Тут иначе и нельзя было. Дед – видно, колхозный, привык к окрикам бригадира. Подумал: если говорить твёрдо – послушает. Так и вышло. Он грустно посмотрел и опустился обратно.
– Говорят, ваш единственный сын погиб в Афганистане, – начал я осторожно.
– Погиб, погиб… – буркнул он. – Только не воскрес!
Я не понял. Может, ослышался?
– А должен был воскреснуть?
– Кто ж знает… – пожал плечами он. – Вон, раньше как было, сын в Афгане погиб, сразу народ шёл, журналисты, чиновники… Словно завтра воскреснет! Говорили, обещали. А в итоге – ничего. Только боли прибавили… Остались мы с бабкой вдвоём.
Он не хочет вспоминать. Или забыл? Неужели настолько равнодушен к гибели сына? Или время и правда убивает чувства?
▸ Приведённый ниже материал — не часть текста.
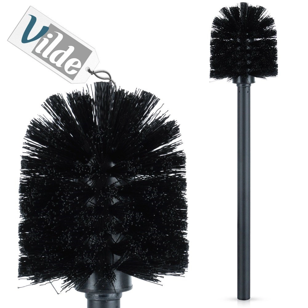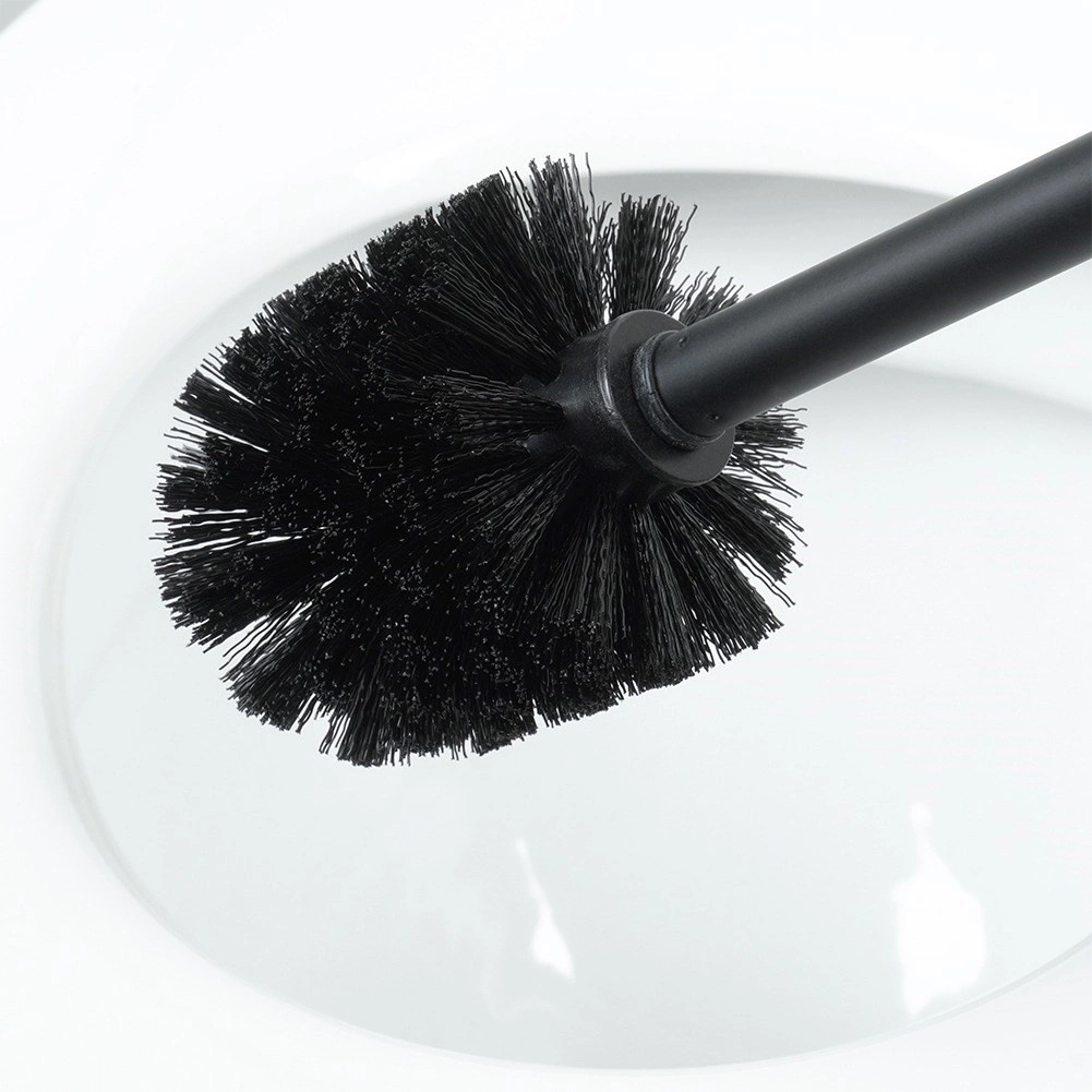 Praktisk reservetoiletbørste med en længde på 35 cm og et børstehoved med en diameter på 8 cm til effektiv rengøring af toiletskålen. Den har holdbare sorte børster, som skjuler snavs godt og er lette at vedligeholde. Universel størrelse passer i de fleste standardholdere, udskifteligt, aftageligt børstehoved og komfortabelt håndtag i rustfrit stål i mat sort for et sikkert greb. Et godt valg til enhver badeværelse.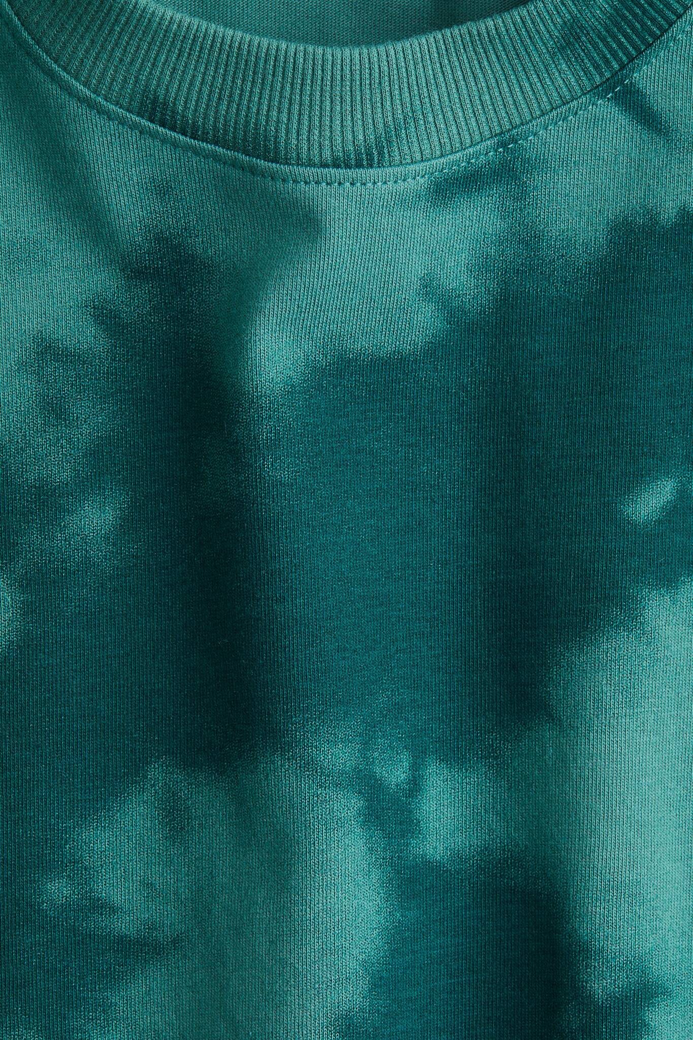 Футболка свободного кроя из мягкого хлопкового трикотажа с принтом, круглым вырезом с ребристой отделкой и спущенными плечами.

– Но ведь само воспоминание уже многое, – сказал я. – Я хочу не просто вспомнить, статью написать. Настоящую. Можем даже в республиканской газете напечатать!
– Статья, говоришь… – дед тяжело вздохнул. – Лучше давай о другом поговорим.
– О чём?
– Да вот… Весна нынче дождливая выдалась. Цветы гниют прямо на деревьях. Пчёлы не летают – не опыляют…
– Э, только не надо, как Носир-ака, всё про погоду! – не выдержал я. – Жизнь не только в осадках и табаке! Надо говорить о чувствах, о вечном…
Дед внимательно посмотрел на меня. Кажется, подумал: «Вот уж, недоросль, учить меня жизни вздумал…» А я внутри ответил: «Не тот мудр, кто стар, а кто многое видел и понял…» Но вслух не решился.
И тут – скрипнула калитка. Женский голос:
– Кто ворота открыл? Ойназаровы куры опять полезут, потом выгоняй их…
– Вот и бабка пришла, – сказал дед, лицо его просветлело. – Без чая вас уже не отпустит!
– Это кто у нас тут? – Худая женщина в выцветшем платье с крупными синими цветами остановилась в двух шагах. На голове белый платок, спина согнута, глаза – пристальные, будто пытаются распознать: кто я?
– Иди-ка, накрой на стол, – сказал дед. – Поставь чайник… Посмотри, свет есть?
Старушка ушла. А я – растерялся.
Что с ними? Перед ними стоит журналист – гость, да ещё и не с улицы, а по делу! А им будто всё равно… Может, дело не в них, а во мне? Может, я и вправду не умею разговорить? Но ведь человек, если болит – сам расскажет, разве не так?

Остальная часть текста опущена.